Summary: Find joy in the journey.
SO, YOU WANT TO BE HAPPY?
Th: Toward the Goal
Pr: FIND JOY IN THE JOURNEY.
?: How? How do we find it?
TS: We will find in our study of Philippians 4 three sources that are key to finding joy in the journey of life.
CV: “We will passionately pursue full devotion to Jesus Christ.”
I. CONTENTMENT (10-12)
II. CHRIST (12-13)
III. COMMUNITY (14-23)
PA: How is the change to be observed?
• Relax in God’s providence.
• Refuse to let circumstances dictate your attitude.
• Rely on God’s strength.
• Release your resources.
• Rest in God’s provision.
RMBC 10 August 08 AM
ILL Happiness (S)
Slow down, you move too fast.
You got to make the morning last.
Just kicking down the cobble stones.
Looking for fun and feelin’ groovy.
Hello lamppost, What cha knowing?
I’ve come to watch your flowers growing.
Ain’t cha got no rhymes for me?
Doot-in’ doo-doo, Feelin’ groovy.
Got no deeds to do, No promises to keep.
I’m dappled and drowsy and ready to sleep.

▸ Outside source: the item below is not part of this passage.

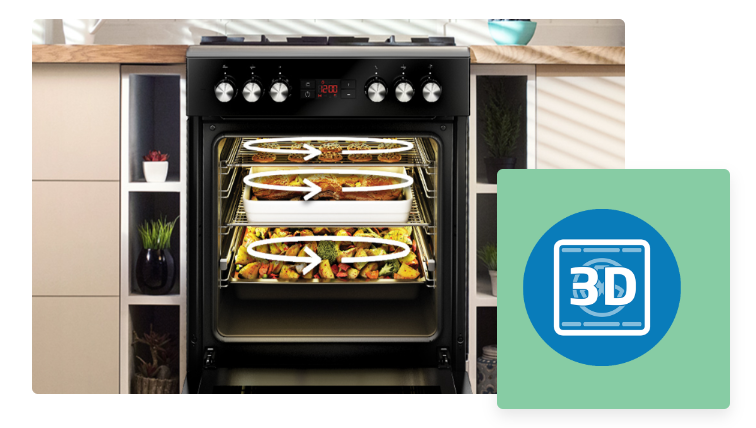 3D-випічка — це нове покоління випікання, яке активує всі нагрівальні елементи, наявні в даній моделі, і працює багатовимірно. Нагрівачі духовки працюють послідовно, щоб рівномірно розподілити тепло всередині. 3D-випічка також дозволяє випікати декілька страв одночасно

Let the morning time drop all its petals on me.
Life, I love you, All is groovy.
Are you feeling groovy?
If you grew up in the 1960s and 70s you were probably at least humming along with that Simon and Garfunkel song.
It was a crazy time to be living, and there was so much change going on.
At the end of last year, this era was well illustrated by the film “Across the Universe,” which was an idealistic view of the Beatles culture.
During the 60s and 70s, people were looking for meaning in their lives in the midst of growing meaninglessness.
People were looking for love in the midst of growing hate.
And that was the Beatles’ solution, “All You Need Is Love.”
It was an influential time in our culture.
There is no denying it.
A lot of the moral standards that were unquestionable up until that point in time were challenged and changed.
Some of it needed to be challenged.
But not all of it needed to be changed.
And the problem is, forty years later, we are not better off.
The problems have changed.
And the pursuit of happiness is still bringing a lot of emptiness in people’s lives.
The search for happiness is an elusive one.
When you ask the typical person what they want, you know what they are going to say.
They want to be happy.
Interestingly, there seems to be a distinction in God’s Word about being happy and having joy.
Happy is our present condition.
If I state, “I am happy,” I am saying that the conditions that I am now living in cause me to feel pleasure.
I feel good about myself and the circumstances round about me.
Joy, however, is something deeper and more profound.
If I state, “I have joy,” I am saying that I am blessed.
I feel good regardless of the circumstances round about me.
Today is our last study in the letter Paul had written to the believers in Philippi.
Paul has been showing the Philippians about how to make the journey of life as a Christian.
It is a daily movement.
It is step by step moving toward Christlikeness.
Our task is to move toward that goal.
And here is the thing that Paul wants us to know:
As we move “Toward the Goal,” we will FIND JOY IN THE JOURNEY.
But the question is how?
How do we find the joy?
We will find in our study of Philippians 4 three sources that are key to finding joy in the journey of life.
The first source is…
I. CONTENTMENT (10-12)
(10) I rejoiced in the Lord greatly that now at length you have revived your concern for me. You were indeed concerned for me, but you had no opportunity. (11) Not that I am speaking of being in need, for I have learned in whatever situation I am to be content. (12) I know how to be brought low, and I know how to abound. In any and every circumstance, I have learned the secret of facing plenty and hunger, abundance and need.
Context: Paul was greatly moved by the Philippians concern.
The Philippians had not been content to just pray for Paul while he was in Rome.
They put some feet to their prayers by sending Epaphroditus to him with a financial gift.
And this moved Paul.
He was very grateful, and it meant a lot.
But he wanted them to know, he was fine.
He knew how to live with contentment.
When Paul used the word contentment here, he was taking a word that was used in Greek philosophy and applied it to his own context as a Christian.